I started the Discworld series earlier this year. Only read the first five books so far. I have to say that Mort is my favorite of them Death is a good character. Is there any bad books in the series worth skipping or should I just read them all?

I don't remember really disliking any of them*, but I didn't like the last couple as much as the earlier ones.

*Aside from Eric which I never actually read so can't judge.
 
I don't remember really disliking any of them*, but I didn't like the last couple as much as the earlier ones.

*Aside from Eric which I never actually read so can't judge.
Eric didn't do much for me, I've only read it a couple of times and I don't own a copy. However, I believe that some prior knowledge of Faust is helpful when you approach it.
 
I started the Discworld series earlier this year. Only read the first five books so far. I have to say that Mort is my favorite of them Death is a good character. Is there any bad books in the series worth skipping or should I just read them all?
The rincewind the wizzard books lack the relatable messaging that the other books have, but it does a significant amount of world building and describing what is on the disk world.
 
I own a few of the books and have been meaning to get into this series forever. I have both the PS1 games that were released in NA and a rom of the EU only one. They're primitive but fun and I like the humour.
 
Just watched The Amazing Maurice and aside from a terrible attempt at a musical number it was really good. Forgotten about the girl and thought she was Susan for a few minutes
 
I've read them all, my favorites are the Vimes Books, the Rincewind books second. As an aside he onve said rincewind was an homage to Flashman, which I never got because although both characters are admitted cowards, being a lech is so integral to Flashman's character, whereas Rincewind always came across as being asexusl. But that might also be due to the writers... peculiar views. Pratchet was a damned good writer, and it was a great series, but one thing about the man himself comes through very, very clearly. The man was utterly terrified of women. I have no idea what his mom/governess/teachers/sister etc did to him, but its obvious that to him at least, the single most terrifying thing in existence is a woman wearing sensibke shoes who has a stern attitude. Which kinda makes Rincewind being Flashman minus the sex drive make a bit more sense.

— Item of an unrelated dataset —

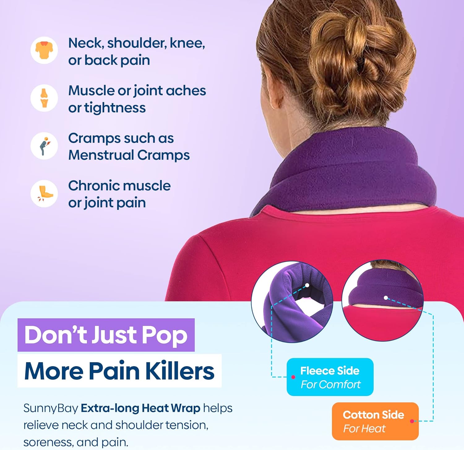 SunnyBay Microwave Heating Pad, Microwavable Heated Neck and Shoulder Wrap with Lavender, Soothing Pillow Hot & Cold Bean Bag, Aroma Warmer for Pain Relief, 26x5 Inches, 2.5 lbs, Purple

Nono, Hogfather's villain was the Assassin trying to Die Hard his way into a vault.

Spider's from Amazing Maurice and his educated rodents.
Mr Tee-ah-tim-ah. Not Mr Teatime.
 
Última edición por un moderador:
I started the Discworld series earlier this year. Only read the first five books so far. I have to say that Mort is my favorite of them Death is a good character. Is there any bad books in the series worth skipping or should I just read them all?
You could skip Raising Steam imo; but since it's the last book you can read it last.

The discworld books span so many genres it's almost certain you'll have ones you don't like quite as much - eg some of the vimes books are basically murder mysteries, some others are action thrillers (Thief of Time here), many are love stories but some more explicitly than others
 
Discworld was a large portion of what I read growing up. I do like the evolution from broad parody, to a more toned down satire as Pratchett's skills a writer evolved. Nightwatch was always one of my favourites as it kind of felt like the culmination of Vimes's arc. Thud was pretty good too though.

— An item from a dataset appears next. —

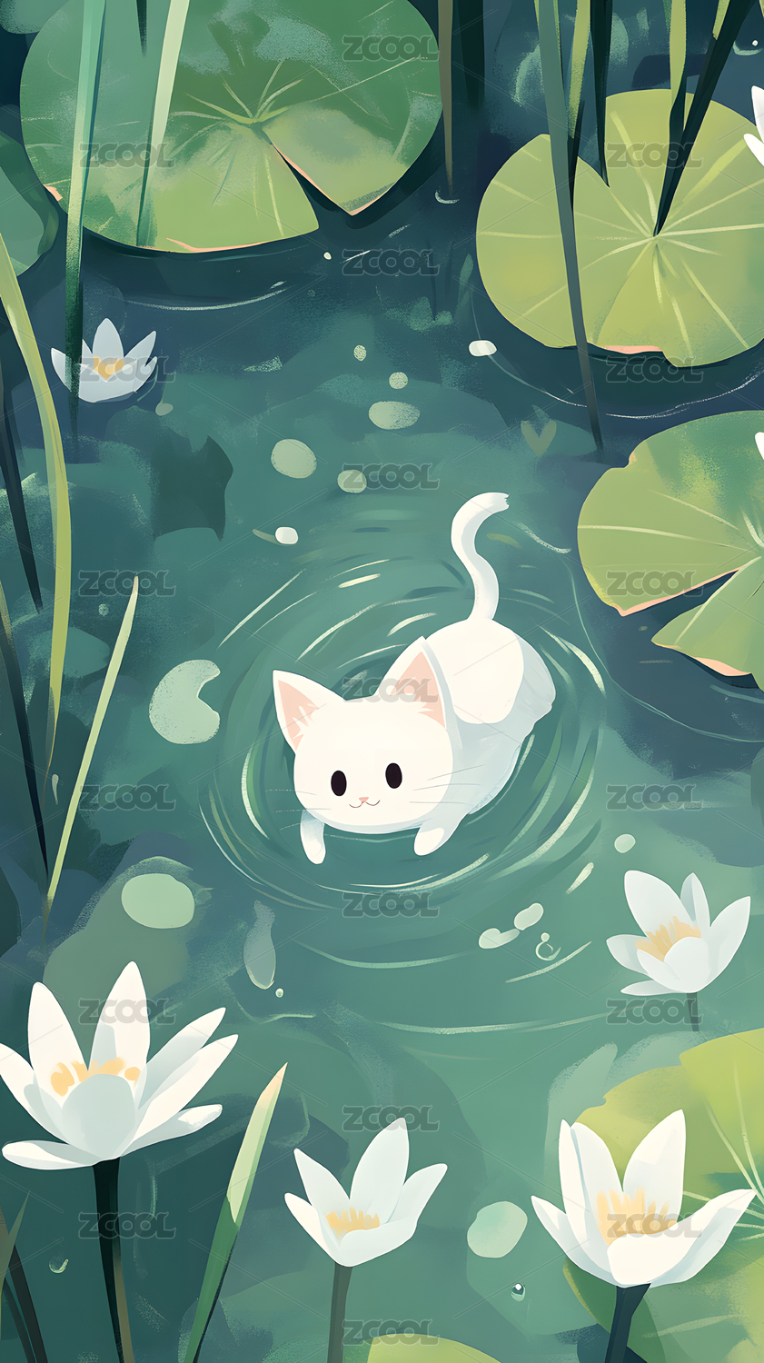 猫咪在睡莲池塘里游泳

I always kind of felt his post Alzheimer's diagnosis was the start of his downward slide in quality. I found the books didn't flow like they used to. I know he got Steven Baxter to co-write Long Earth, and I have always had sneaking suspicion he had someone ghost write later Discworld novels.
 
Eric didn't do much for me, I've only read it a couple of times and I don't own a copy. However, I believe that some prior knowledge of Faust is helpful when you approach it.
It was meant to be a graphic novel, or a heavily illustrated story, like The Last Hero. It feels incomplete without that final component.
 
My dad had them all when I was a kid. Along with Artemis Fowl, Harry Potter, Golden Compass, A Series of Unfortunate Events, and Redwall they were core childhood reading for me. Some of the cover art on the paperbacks was mesmerising as well, pic related.
If you like Discworld I HIGHLY recommend the "MYTH Inc." series as well.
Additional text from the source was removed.